An observational study is one where X cannot be controlled and other variables cannot be held constant. Think about a case where men have generally higher values of both X and Y and women have generally lower values but that among men there is no relation between X and Y Here is a possible plot, the triangles being men.
If you didn't know about the influence of sex you would see a positive correlation between X and Y but if you compute separate correlations for the two groups you see the variables are unrelated. Remember, if you manipulate X in the picture you are either doing so for a women (and X and Y are unrelated for women) or for a man (and again X and Y are unrelated); in either case Y will be unaffected because you would not be affecting the sex of a person.

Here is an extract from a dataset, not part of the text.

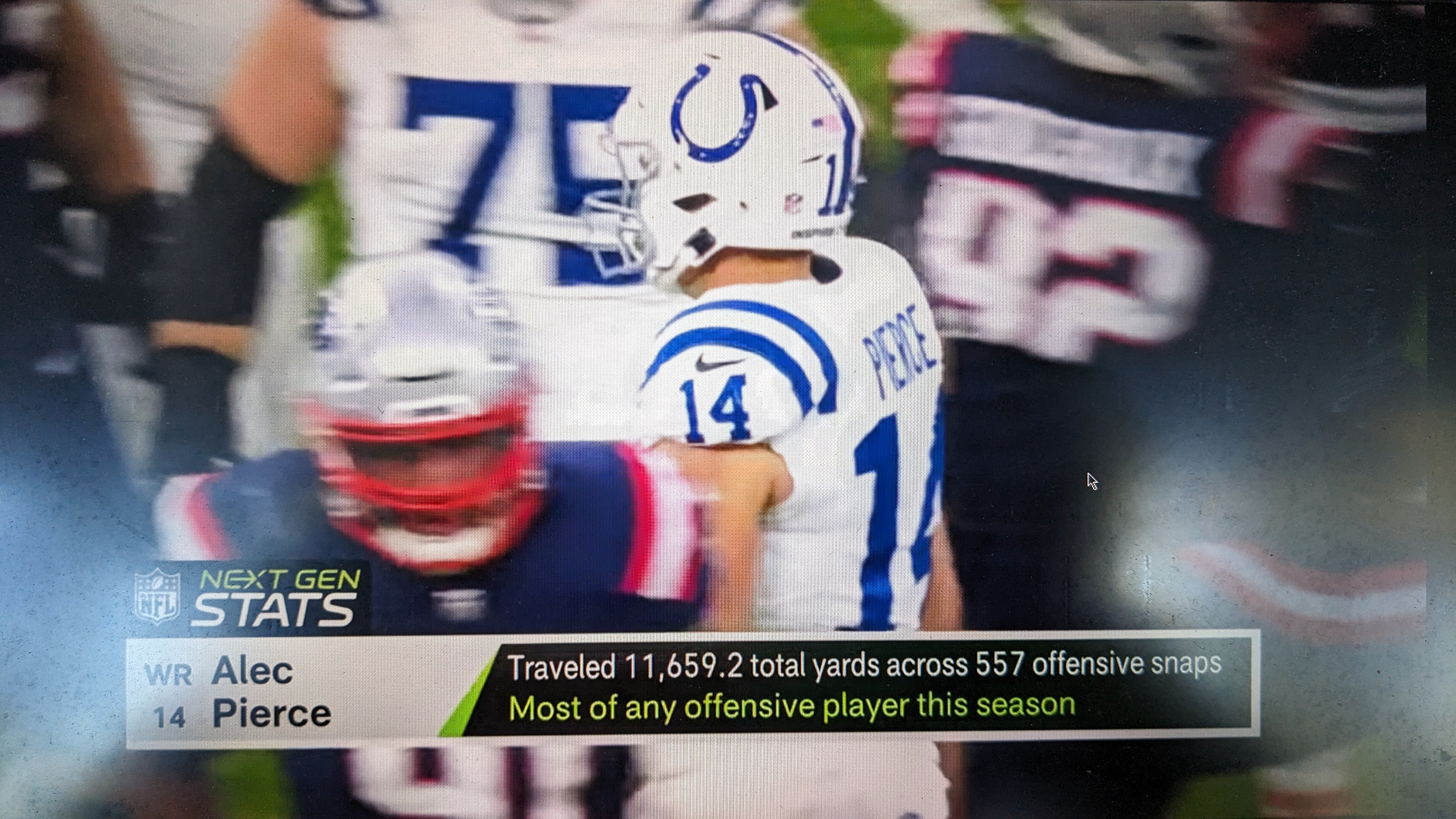 That's about 6.6 miles in the graphic above so he easily crossed the 7-mile mark on Sunday. Adding insult to injury, Colts came into Week 10 with the 5th most points in the league, so it's not like this is the Jets we're talking about here. Or the Giants. Or the Patriots. Or the Raiders. Or… (fucking hell, I actually could keep going couldn't I?)

Doing multiple regression is very much like this. Imagine you have a response variable Y, a variable X whose influence on Y is of primary interest and some other variables which probably influence Y and may influence X as well. You would like to look at the relation between X and Y in groups of cases where all the other covariate values are the same; this is not generally possible. Instead, we estimate the average value of Y for each possible combination of the variable X and the other variables. We ask if this mean depends on X. We say we are adjusting for the other covariates.
The method works pretty well if we have identified all the possible confounding variables so that we can adjust for them all. So, e.g., in our example lowering the nursing ratio would be asserted to lower the risk of nosocomial infection. The trouble is that no such deduction is rigorously possible. You would need to be sure there was not a 3rd variable correlated with both X and Y which is the real cause of variation in both and for which you haven't adjusted. In randomized designed experiments this possibility is dealt with by the randomization.
The slope in a regression model corresponding to X measures the change expected in Y when X is changed by 1 unit and all the other variables in the regression are held constant. It is in this sense the regression method is used to adjust for the other covariates. Researchers say things like "Adjusted for Length of service and publication rate sex has no impact on salary of professors."